Gridded segments of sea-ice or snow surface elevation and freeboard from helicopter-borne laser scanner during the MOSAiC expedition flight 20200217_02, version 1

This data set is a higher-processing-level version of Geolocated sea-ice or snow surface elevation point clouds from helicopter-borne laser scanner during the MOSAiC expedition, version 1 (Jutila et al., 2022; doi:10.1594/PANGAEA.950509), where the surface elevation point cloud has been converted to freeboard using automatic open water detection scheme and projected onto a regular 0.5-meter grid. The data were collected using a near-infrared, line-scanning Riegl VQ-580 airborne laser scanner (hdl:10013/sensor.7ebb63c3-dc3b-4f0f-9ca5-f1c6e5462a31 & hdl:10013/sensor.7a931b33-72ca-46d0-b623-156836ac9550) mounted in a helicopter along the MOSAiC drift from the north of the Laptev Sea, across the central Arctic Ocean, and towards the Fram Strait from September 2019 to October 2020. The flights are both small scale, ~5x5 km grid patterns mainly over the central observatory, and large scale, few tens of km away from RV Polarstern, triangle patterns, or transects. The gridded data are stored in 30-second along-track segments in netCDF format. For the small scale grid flights, the data are drift corrected using the position and heading data of RV Polarstern and elevation offset corrected using overlapping segments to overcome degraded GPS altitude data >85°N. Open water points are identified to derive a freeboard estimate from the surface elevations. For the flights with degraded GPS altitude quality, we provide only a freeboard estimate (grid pattern flights) or no freeboard (transects). The gridded 30-s segments include as data variables: surface elevation, freeboard (estimate), freeboard uncertainty, estimated sea surface height, surface reflectance, echo width, and number of points used in the interpolation. In addition, list of detected open water points and an overview figure of each flight is provided.

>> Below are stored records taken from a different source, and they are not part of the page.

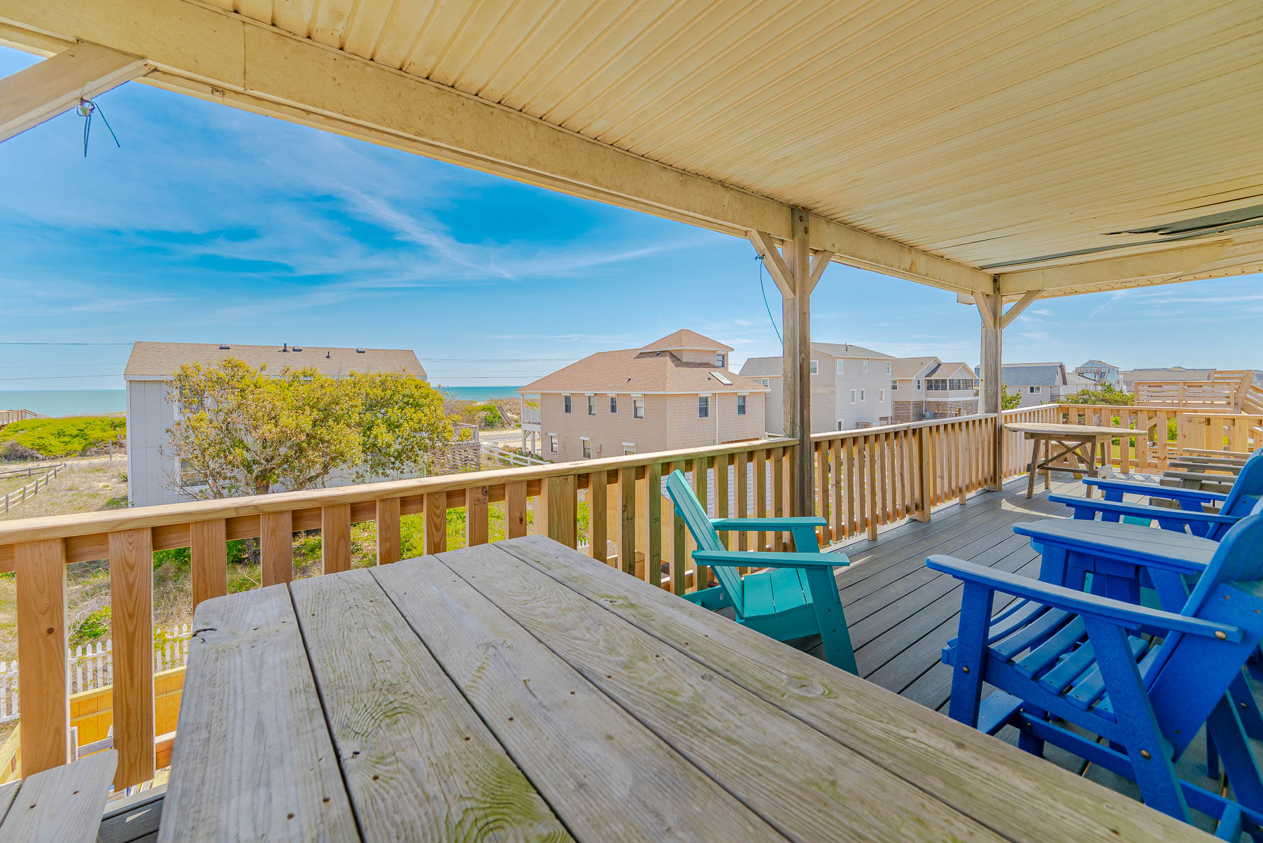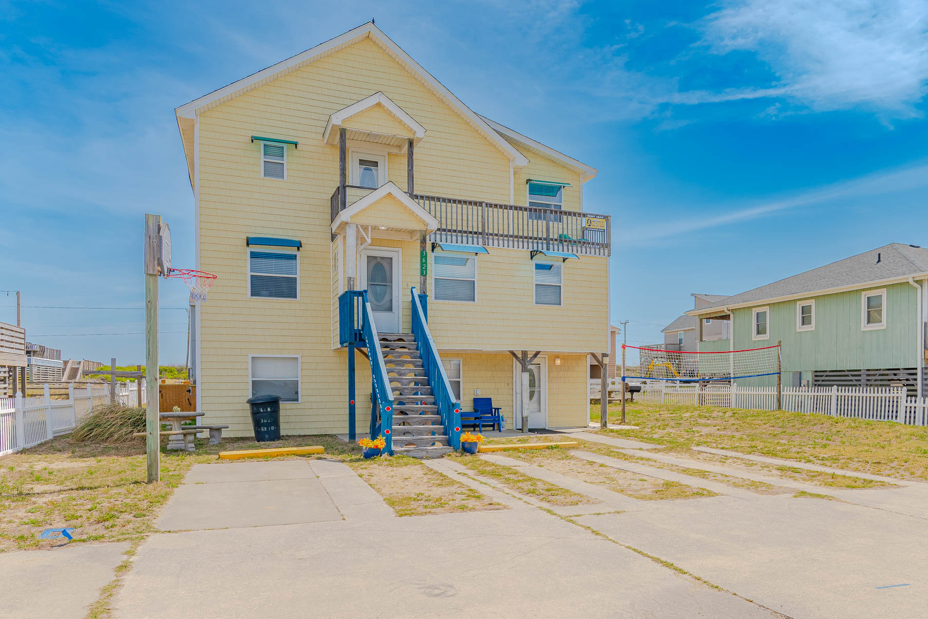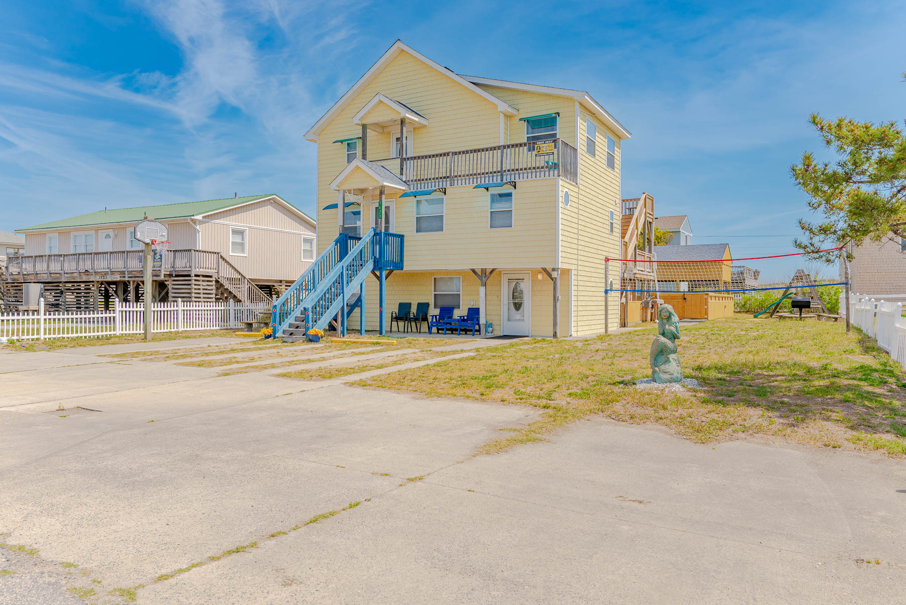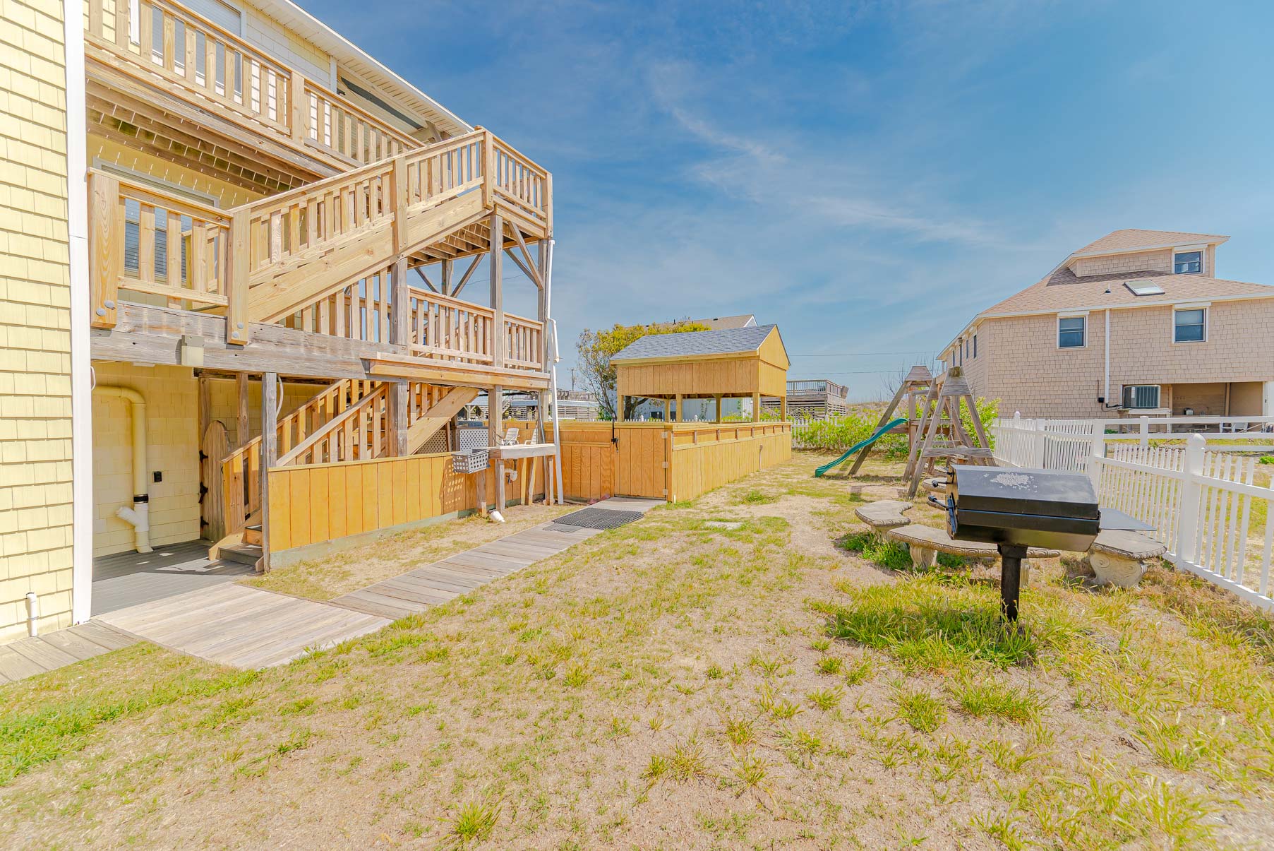 The Hideaway provides covered and open porches and a short walk to the beach (pedestrian beach access is located one house over to the north, and then a sand path to the dune crossover, approximately 300 feet across the Beach Road). For the little ones, there is a swing set, volleyball court, and the adults will appreciate the grilling area, picnic table, fish cleaning station and enclosed outside shower. Situated in the popular Kitty Hawk community, this home is convenient to several local restaurants, shopping and the Sea Scape Gold Links.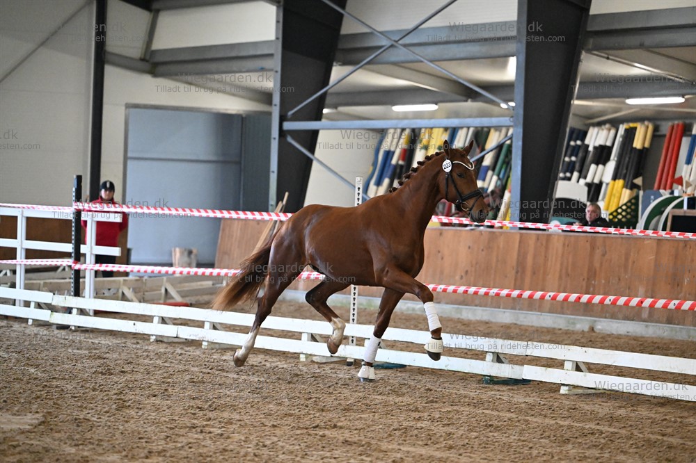 Langbenet, ædel, elegant og velformet unghest. Han er storrammet og maskulin med et godt udtryk. Han har en taktfast skridt god og energisk trav og en velbalanceret galop med god aktion.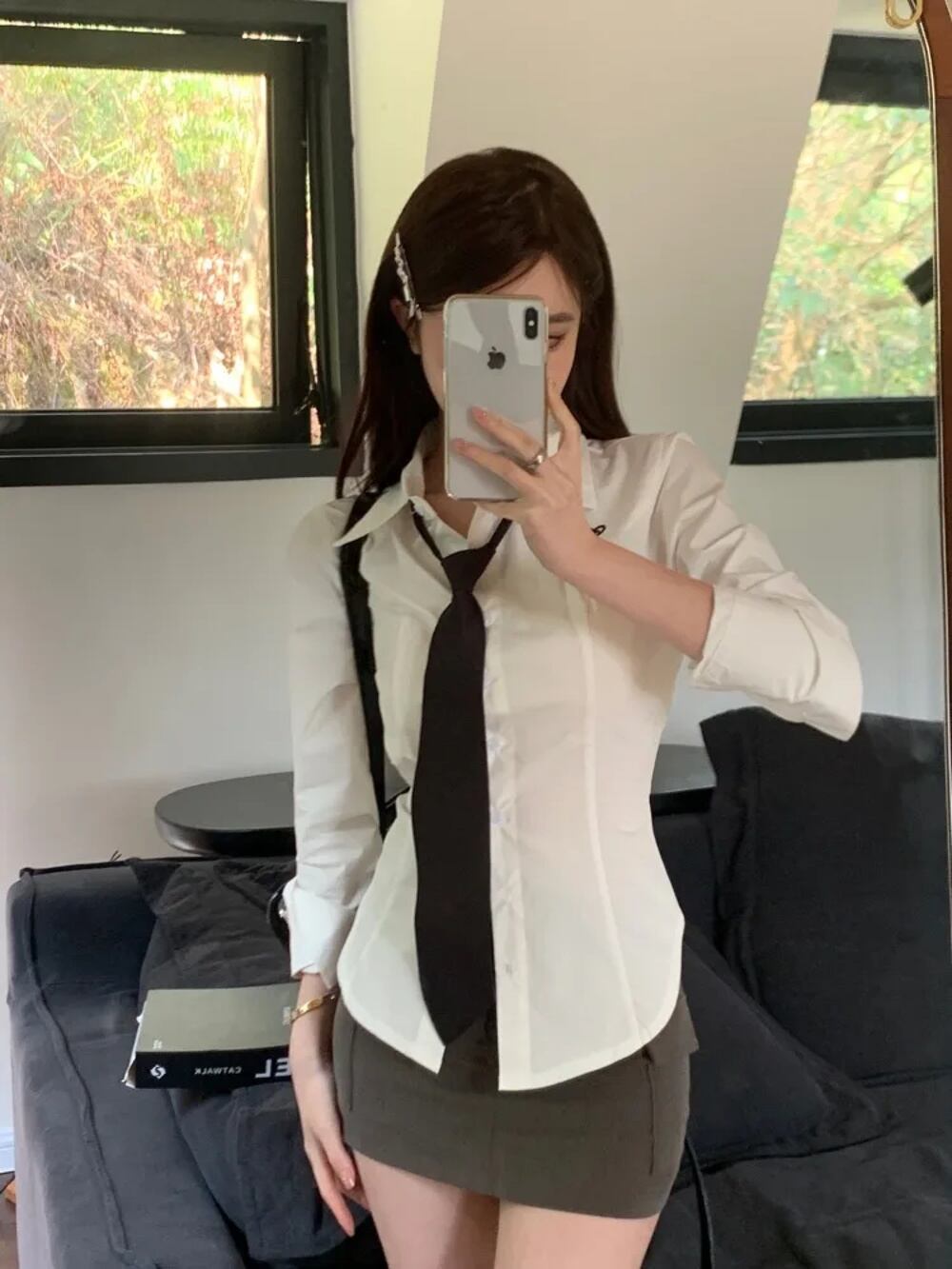 Deeptown-女性のプレッピースタイルの長袖刺shirtsシャツ、ネクタイ付き、韓国のファッション、スリムなロリータ、ハラジュクトップス、ホワイト、y2k T240926061704_01

本数据集为MOSAiC科考期间直升机搭载激光扫描仪获取的地理定位海冰/雪面高程点云的高阶处理版本（版本1，Jutila等，2022；doi:10.1594/PANGAEA.950509），其中表面高程点云已通过自动开阔水域检测方案转换为干舷（freeboard），并投影至规则0.5米网格。数据采集采用搭载于直升机的近红外线扫描Riegl VQ-580机载激光扫描仪（标识符：hdl:10013/sensor.7ebb63c3-dc3b-4f0f-9ca5-f1c6e5462a31 与 hdl:10013/sensor.7a931b33-72ca-46d0-b623-156836ac9550），沿MOSAiC漂移轨迹从拉普捷夫海北部横跨北冰洋中部，于2019年9月至2020年10月向弗拉姆海峡方向开展作业。飞行作业分为两种尺度：小尺度作业以约5×5公里的网格航线为主，覆盖中央观测站区域；大尺度作业则在距离极地号（RV Polarstern）科考船数十公里范围内开展，采用三角航线或断面航线。网格化数据以沿轨30秒分段的形式存储于netCDF格式文件中。针对小尺度网格航线飞行，利用极地号（RV Polarstern）的位置与航向数据对数据进行漂移校正，并通过重叠分段进行高程偏移校正，以解决北纬85°以北区域GPS高程数据质量下降的问题。通过识别开阔水域点，可从表面高程中推导干舷估算值。对于GPS高程质量不佳的飞行任务，仅为网格航线飞行提供干舷估算值，而为断面飞行不提供干舷数据。网格化30秒分段包含以下数据变量：表面高程、干舷（估算值）、干舷不确定性、估算海表高度、表面反射率、回波宽度以及插值所用点数。此外，还提供了检测到的开阔水域点列表以及每次飞行任务的概览图。